Daddy want football...daddy want wingies

Daddy want football…daddy want wingies

I didn’t grown up in wing country so to speak. While it’s true that Westchester County may surprisingly boast one of the money wing spots I’ve visited, the tasty little saucy poultry pieces were not really a part of my youth. No, it wasn’t until my college years in upstate New York where my wing awakening really began. Everywhere I looked there seemed to be wings. Sheet pizzas and wings. Subs and wings. Beer and wings. 10c. 25c. All-you-can-eat. Wings upon wings. So where is this all going? Well, this Sunday is a big day. The founder of this here blog turns a terrible-sounding 35 years old…and the Jets open the 2012 season. And, well, my wife asked me what I might want to chow down on during said afternoon Gang Green opener, and all I can think about is chicken wings.
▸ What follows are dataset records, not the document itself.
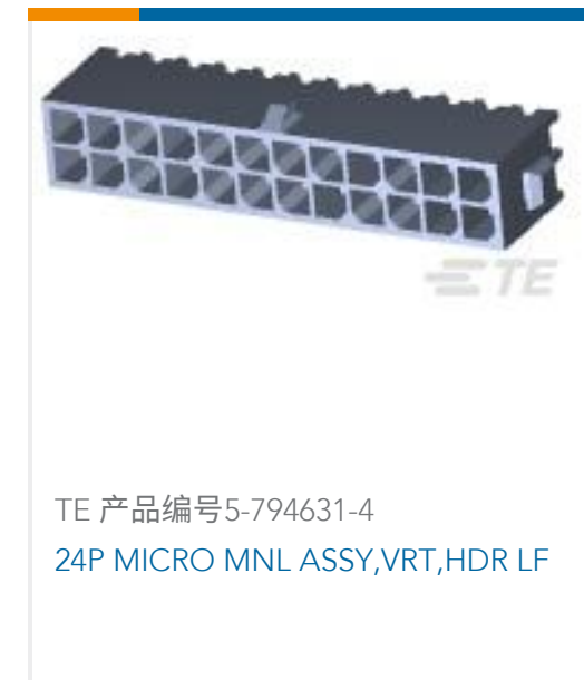
TE 产品编号5-794631-4 24P MICRO MNL ASSY,VRT,HDR LF
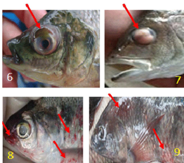
تصاویر شماره ۶-۹: علائم بالینی شاخص در استرپتوکوکوزیس بیرون زدگی چشم ها و خونریزی در قاعده باله ها و سرپوش آبششی

(Parera et al. , 1994; Eldar et al. , 1995; می‌شود)
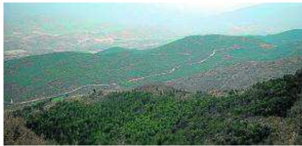
Vistas desde el castillo hacia Petilla de Aragón.

El sendero sigue por pista, dejando a la izquierda las ruinas de unos corrales y, a la derecha, el ci-
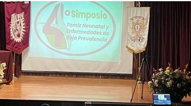
Simposio de Tamiz Neonatal.

El 14 de junio, dentro de las instalaciones de la Escuela Nacional de Medicina y Homeopatía (ENMH) se llevó a cabo el “4º Simposio: Tamiz Neonatal y Enfermedades de Baja Prevalencia”.
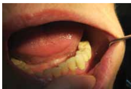
6. kép Az elkészült fogak
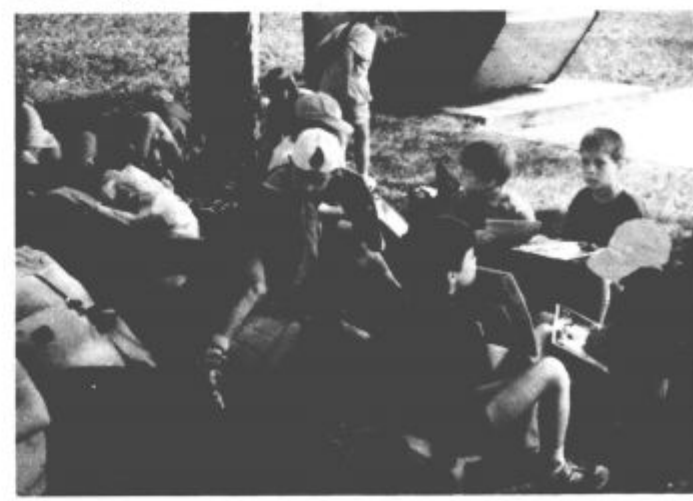
Veselite se razglasitvi rezultatov v Mengšu
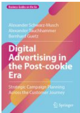
Digital Advertising in the Post-cookie Era Ladenpreis: 43,99EUR

Wir haben andere Produkte gefunden, die Ihnen gefallen könnten!
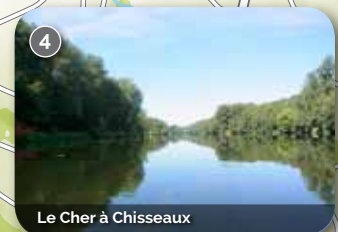
Le Cher à Chisseaux
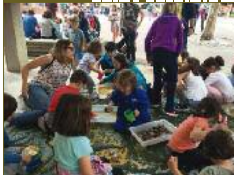
La Ludoteca participó en la fiesta de las 3 escuelas con un taller sensorial.

Udako ordutegia. Ametxea gazte lokala itxita egonen da ekainaren 30etik uztailaren 15era. Uztailaren 16tik aurrera, eta Zizur Nagusiko jaiak pasatu arte, astelehenetik ostiralera egonen da zabalik, 9:00etatik 14:00etara, eta arratsalde, astelehenetan, 16:00etatik 20:00etara eta, ostiraletan, 16:00etatik 21:00etara. ■
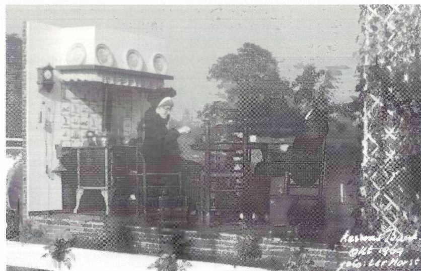
'Moeders wil is wet' uit 1969
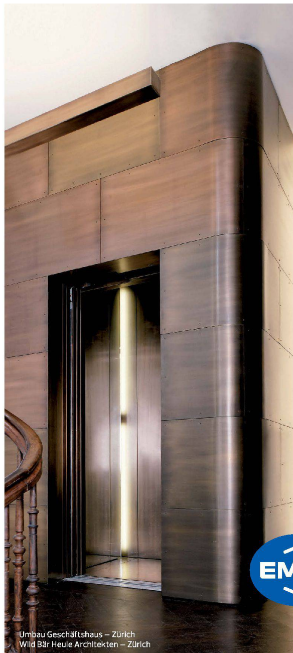
Umbau Geschäftshaus – Zürich Wild Bär Heule Architekten – Zürich
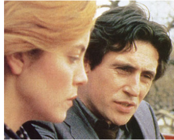
1984 DEFENCE OF THE REALM de David Drury avec Gabriel Byrne
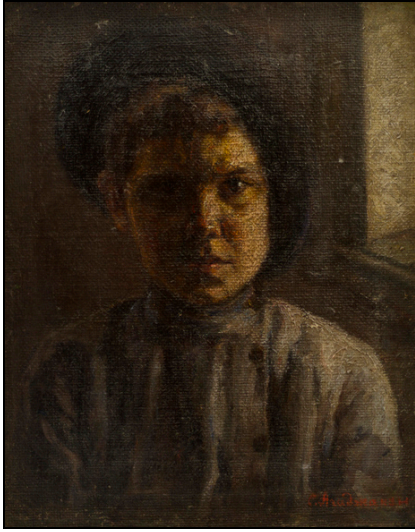
Նկ. 1. «Գլխարկով տղան» 1912-1913 թթ., 47x37, կտ., յուղ., ՀԱՊ
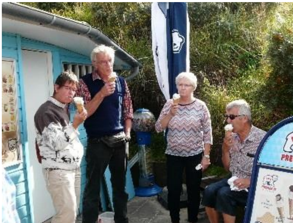
Dessert i Tversted

blomstrer. Vi gjorde stop ved den lille Råbjerg Kirke, hvor vores store danske sanger og tenor baryton, Axel Schiøtz, ligger begravet. Vi fandt hans gravsten, men desværre var kirken aflåst.
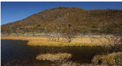
覚満淵・高層湿原
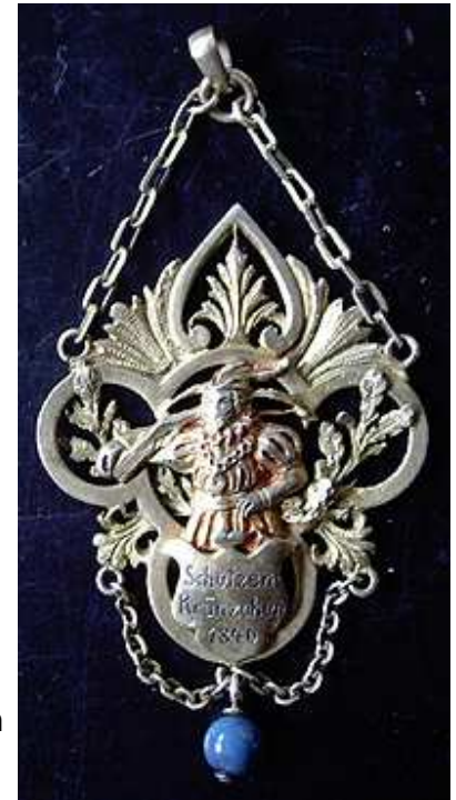
Altes Abzeichen des Schützenkränzchen 1840

Der Zimmerstutzen-Schützenbund München war die allererste Vereinigung mit „Verbands-Charakter“, die die Interessen der damals immens aufkommenden Zimmerstutzen-Schützen vertrat. Denn ansonsten gab es nur die hochherrschaftlichen Feuerschützen, die in der Münchner Hauptschützengesellschaft vereinigt waren. Das Armbrustschießen wurde ebenfalls von verschiedenen kleineren Gesellschaften gepflegt. Es sollte aber noch viele Jahrzehnte dauern, bis das zuerst belächelte Zimmerstutzenschießen auch von den alteingesessenen Feuerschützen anerkannt und ausgeübt wurde. Denn viele Feuerschützen pflegten später das Zimmerschießen, um vor allem in den Wintermonaten in Übung zu bleiben, wenn das Feuerschießen witterungsbedingt pausierte.
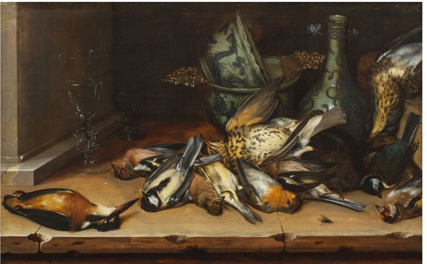
Stilleven door Christoffel van den Berghe
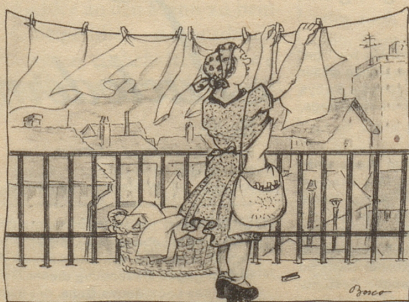
Die praktische Randlinie

Did I mention I’m not even sure if I like them anymore?

Let’s take a trip down wing lane, because it may explain some things. As I mentioned, the chicken wing was a late addition to my culinary repertoire. But, once its was introduced, it became a seasonal staple of sorts. Between football and the fall, and summers in Southwestern New York (just  outside the very mecca of wingdom in Buffalo), these finger-licking delicacies suddenly seemed to follow me everywhere.  “Anyone want apps?” Let’s get an order of wings. “Dinner tonight?” Pizza and wings. “Late-night snack?” Daddy hungry, daddy want wingy.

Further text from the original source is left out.